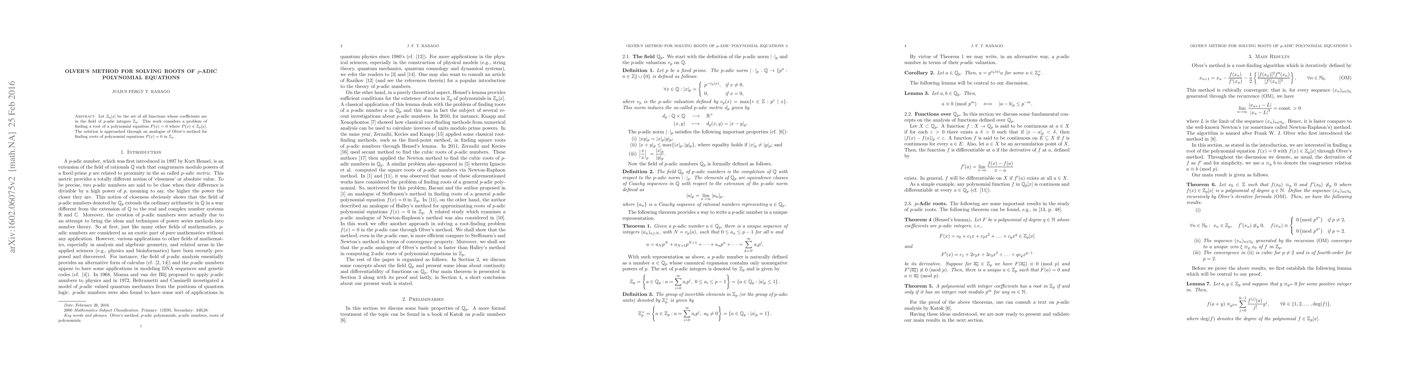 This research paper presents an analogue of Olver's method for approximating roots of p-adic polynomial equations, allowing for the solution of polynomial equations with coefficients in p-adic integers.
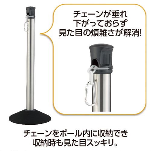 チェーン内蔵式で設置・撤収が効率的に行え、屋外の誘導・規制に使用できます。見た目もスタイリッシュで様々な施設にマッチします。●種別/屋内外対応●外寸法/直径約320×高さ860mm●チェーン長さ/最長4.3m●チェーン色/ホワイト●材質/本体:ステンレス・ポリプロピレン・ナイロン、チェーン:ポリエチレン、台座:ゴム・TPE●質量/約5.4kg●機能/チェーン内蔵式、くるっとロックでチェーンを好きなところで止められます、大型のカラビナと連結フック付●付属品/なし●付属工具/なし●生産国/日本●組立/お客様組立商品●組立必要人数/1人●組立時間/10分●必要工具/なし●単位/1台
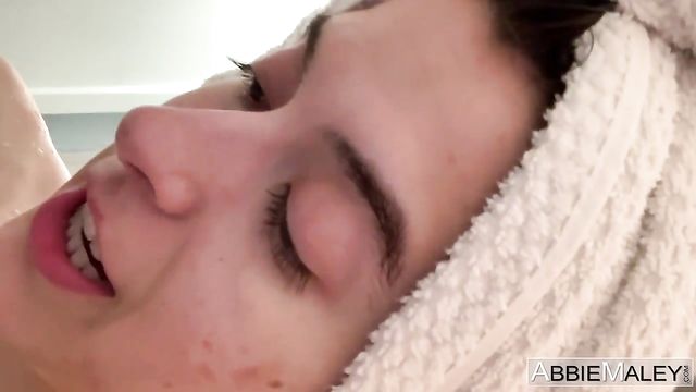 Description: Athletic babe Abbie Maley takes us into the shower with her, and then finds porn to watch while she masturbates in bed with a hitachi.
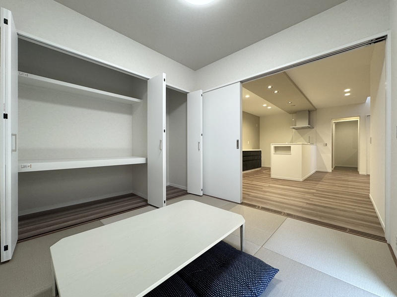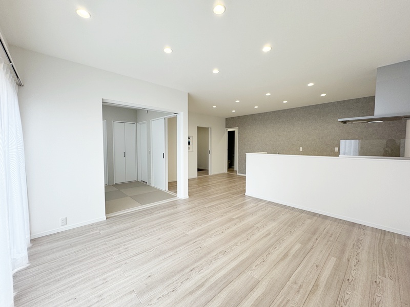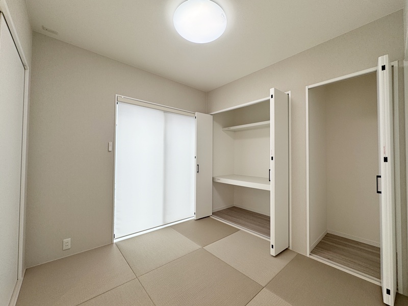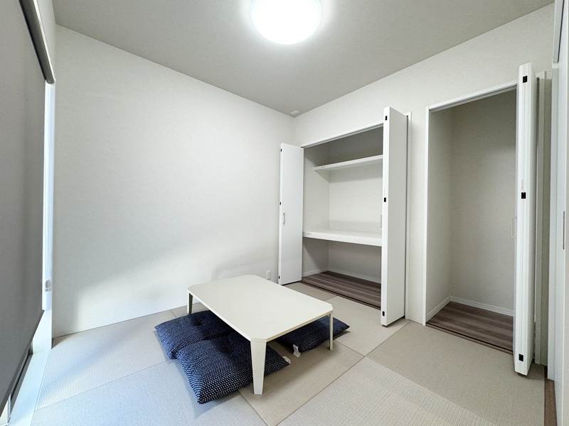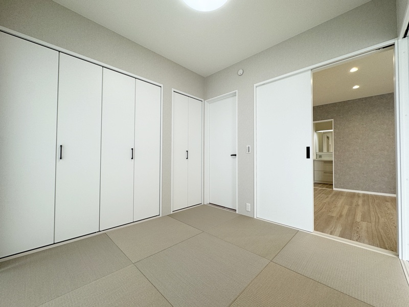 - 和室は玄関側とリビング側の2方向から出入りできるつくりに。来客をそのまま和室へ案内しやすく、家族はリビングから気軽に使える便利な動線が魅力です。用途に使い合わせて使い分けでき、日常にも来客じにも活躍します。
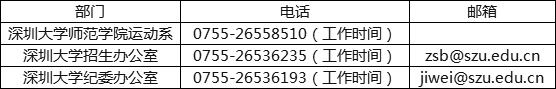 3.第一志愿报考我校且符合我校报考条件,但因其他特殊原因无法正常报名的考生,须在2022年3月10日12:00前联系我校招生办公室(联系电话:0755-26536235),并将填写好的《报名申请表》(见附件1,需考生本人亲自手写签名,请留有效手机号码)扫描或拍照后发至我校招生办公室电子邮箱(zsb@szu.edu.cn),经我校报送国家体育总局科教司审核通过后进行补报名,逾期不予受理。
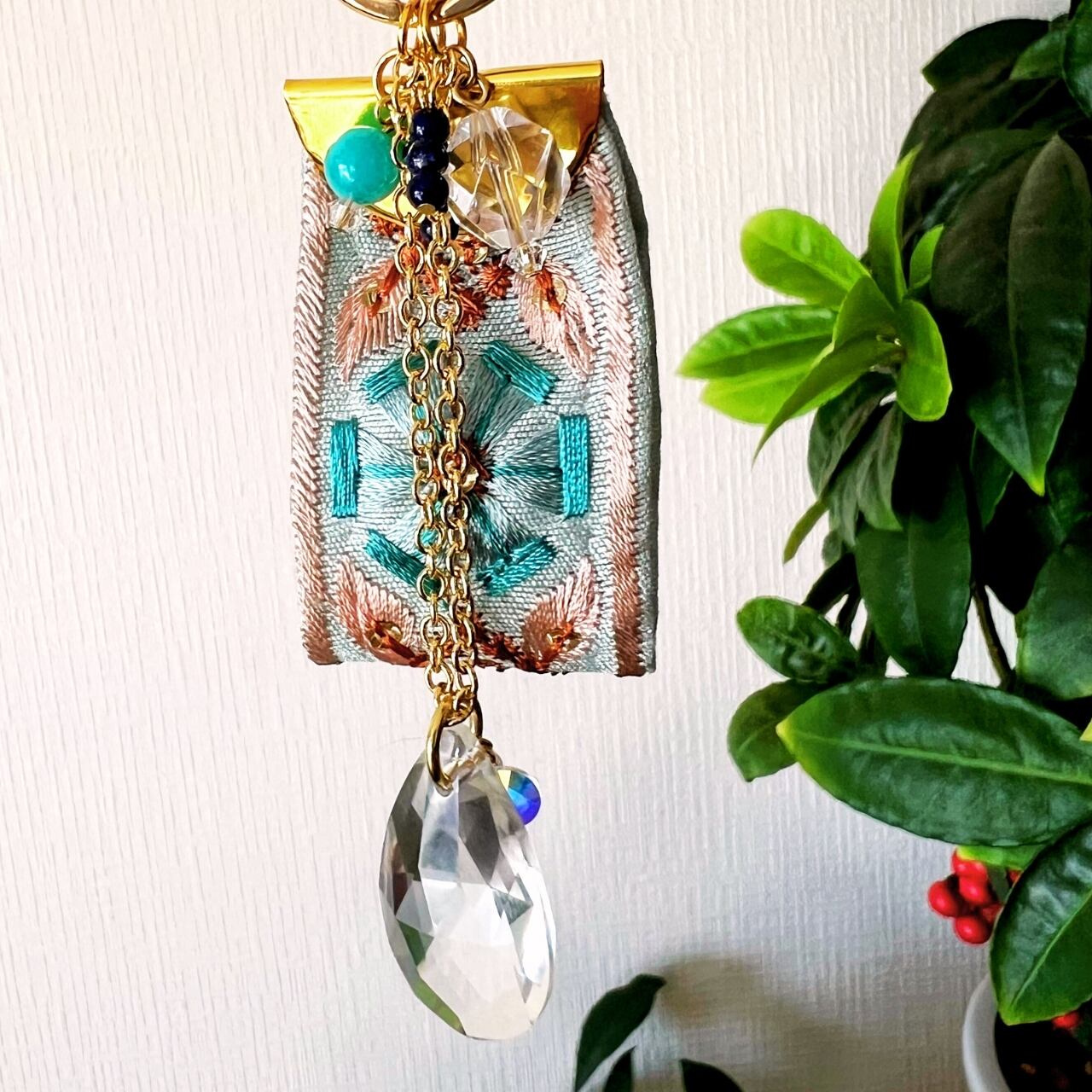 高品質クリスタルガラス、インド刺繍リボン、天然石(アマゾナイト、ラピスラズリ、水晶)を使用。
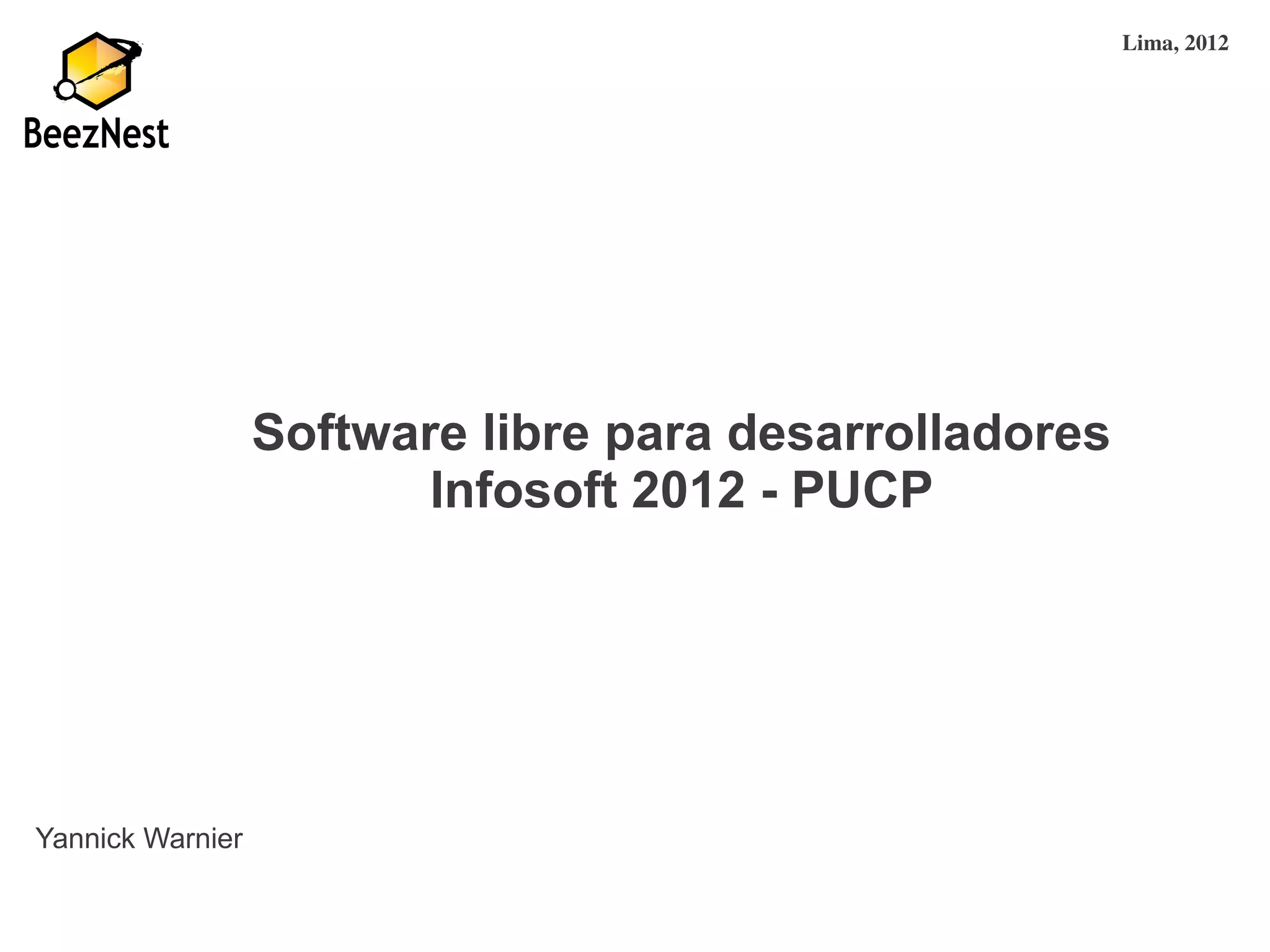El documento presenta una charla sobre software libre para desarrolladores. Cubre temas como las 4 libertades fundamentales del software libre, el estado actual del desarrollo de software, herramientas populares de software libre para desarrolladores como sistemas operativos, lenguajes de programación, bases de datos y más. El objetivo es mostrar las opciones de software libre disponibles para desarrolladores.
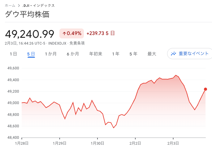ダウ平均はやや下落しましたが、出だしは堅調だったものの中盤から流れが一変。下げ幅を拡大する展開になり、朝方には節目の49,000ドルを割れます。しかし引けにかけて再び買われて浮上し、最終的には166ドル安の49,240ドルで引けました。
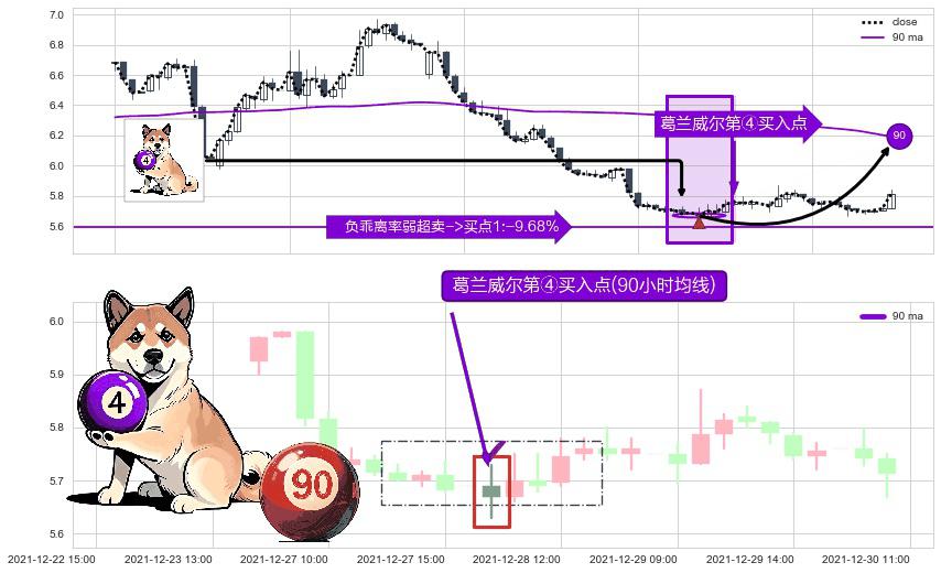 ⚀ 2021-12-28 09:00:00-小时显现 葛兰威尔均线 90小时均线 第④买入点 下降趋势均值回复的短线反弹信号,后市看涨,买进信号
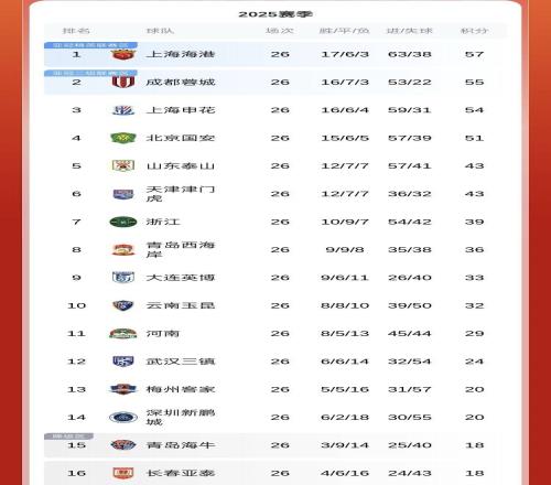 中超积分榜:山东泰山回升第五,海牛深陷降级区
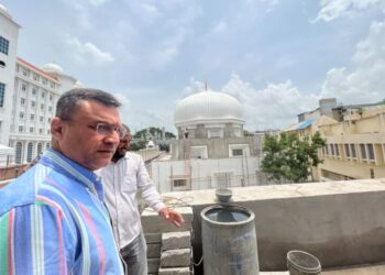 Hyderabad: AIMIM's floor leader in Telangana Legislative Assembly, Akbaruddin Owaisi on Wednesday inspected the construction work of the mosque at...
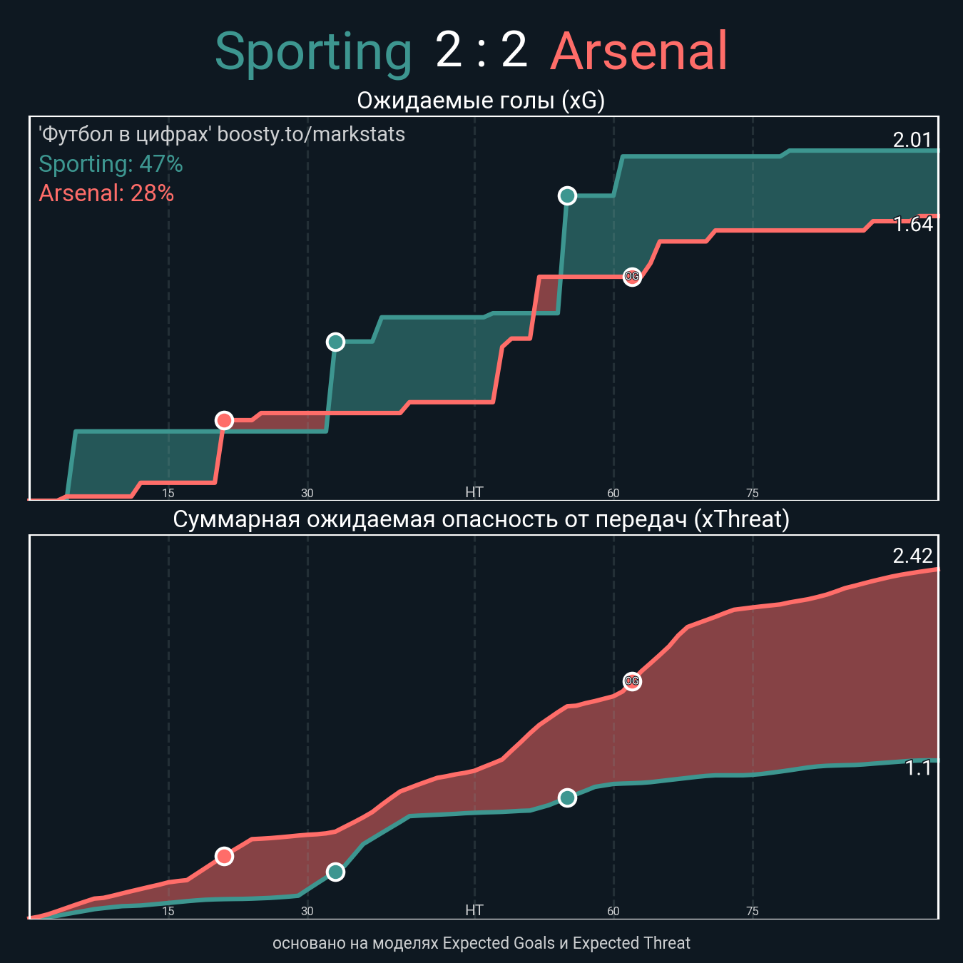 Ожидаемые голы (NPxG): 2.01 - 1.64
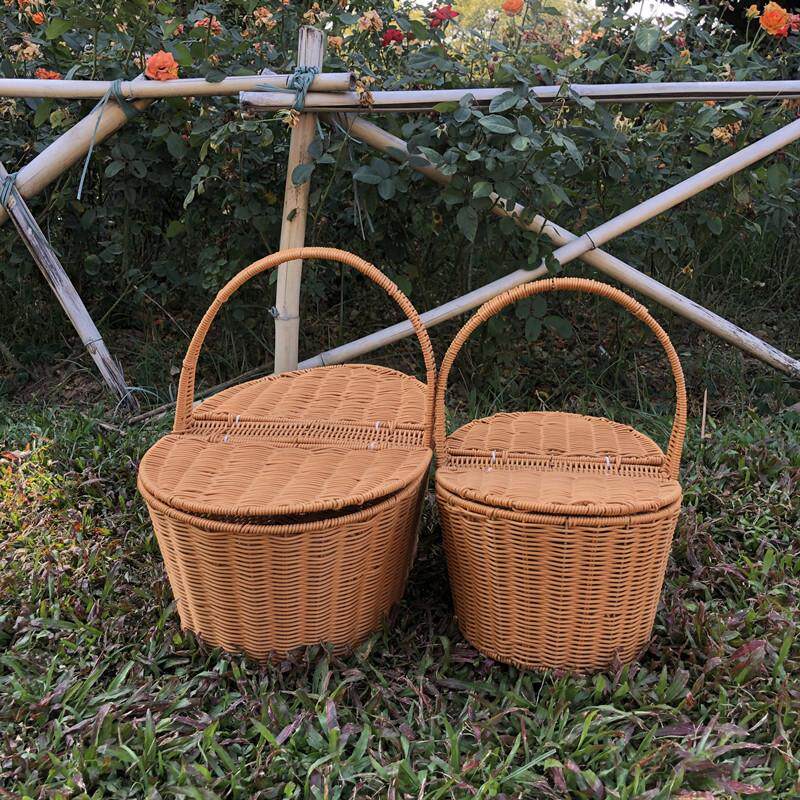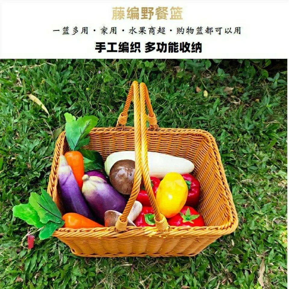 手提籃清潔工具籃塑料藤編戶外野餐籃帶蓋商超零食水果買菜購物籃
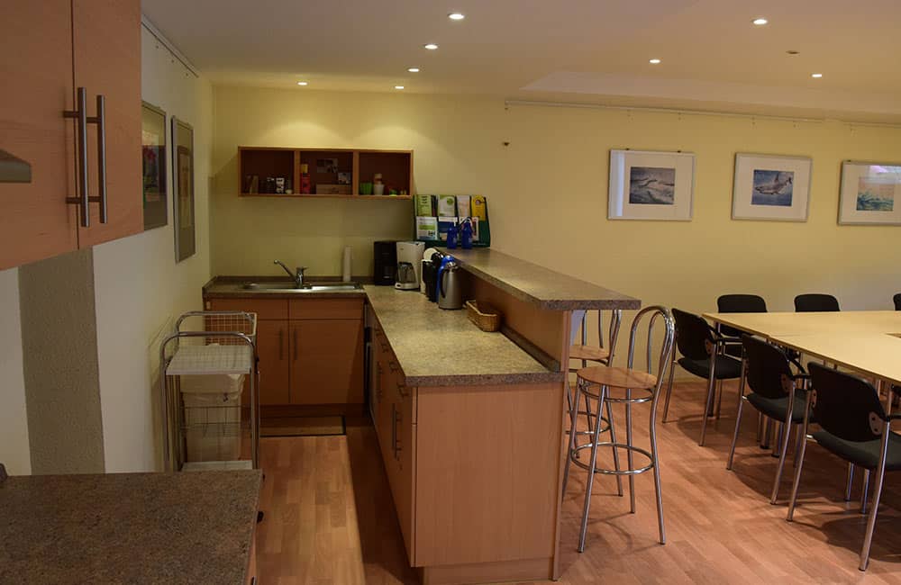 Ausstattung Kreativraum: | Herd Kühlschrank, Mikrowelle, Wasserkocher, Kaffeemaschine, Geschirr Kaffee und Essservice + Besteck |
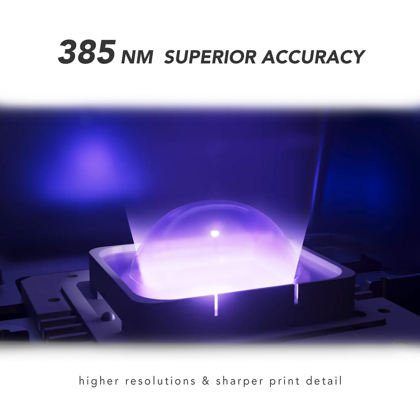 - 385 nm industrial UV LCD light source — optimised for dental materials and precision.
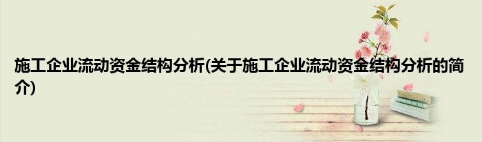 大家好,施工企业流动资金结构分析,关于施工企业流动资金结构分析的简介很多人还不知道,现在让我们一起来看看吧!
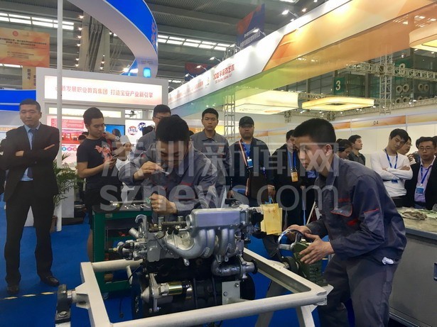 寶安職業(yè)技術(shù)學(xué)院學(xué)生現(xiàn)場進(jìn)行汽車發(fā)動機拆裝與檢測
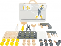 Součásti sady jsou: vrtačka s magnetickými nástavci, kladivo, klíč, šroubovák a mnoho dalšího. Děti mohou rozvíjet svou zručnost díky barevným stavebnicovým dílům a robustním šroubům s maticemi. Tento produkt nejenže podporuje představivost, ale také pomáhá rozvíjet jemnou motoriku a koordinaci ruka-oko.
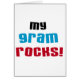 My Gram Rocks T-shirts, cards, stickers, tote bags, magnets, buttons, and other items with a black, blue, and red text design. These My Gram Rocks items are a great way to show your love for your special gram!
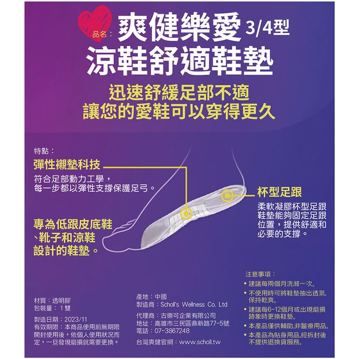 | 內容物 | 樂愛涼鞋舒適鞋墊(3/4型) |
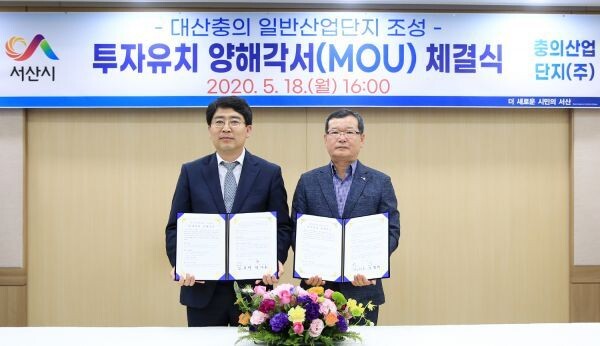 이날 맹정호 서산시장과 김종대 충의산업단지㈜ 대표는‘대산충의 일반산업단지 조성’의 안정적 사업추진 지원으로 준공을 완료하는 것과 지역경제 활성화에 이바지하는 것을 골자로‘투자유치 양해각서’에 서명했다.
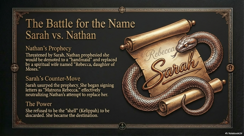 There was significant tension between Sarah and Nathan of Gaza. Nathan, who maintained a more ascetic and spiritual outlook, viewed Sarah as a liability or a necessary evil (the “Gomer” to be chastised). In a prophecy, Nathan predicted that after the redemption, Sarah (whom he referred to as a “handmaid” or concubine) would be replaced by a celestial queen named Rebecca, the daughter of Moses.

Your assignment: The copy should start at the line that contains "內容物 | 樂愛涼鞋舒適鞋墊(3/4型) |", end at the last line of the entries above, and match each line exactly, with pictures dropped.

Your solution:
 | 內容物 | 樂愛涼鞋舒適鞋墊(3/4型) |
 이날 맹정호 서산시장과 김종대 충의산업단지㈜ 대표는‘대산충의 일반산업단지 조성’의 안정적 사업추진 지원으로 준공을 완료하는 것과 지역경제 활성화에 이바지하는 것을 골자로‘투자유치 양해각서’에 서명했다.
 There was significant tension between Sarah and Nathan of Gaza. Nathan, who maintained a more ascetic and spiritual outlook, viewed Sarah as a liability or a necessary evil (the “Gomer” to be chastised). In a prophecy, Nathan predicted that after the redemption, Sarah (whom he referred to as a “handmaid” or concubine) would be replaced by a celestial queen named Rebecca, the daughter of Moses.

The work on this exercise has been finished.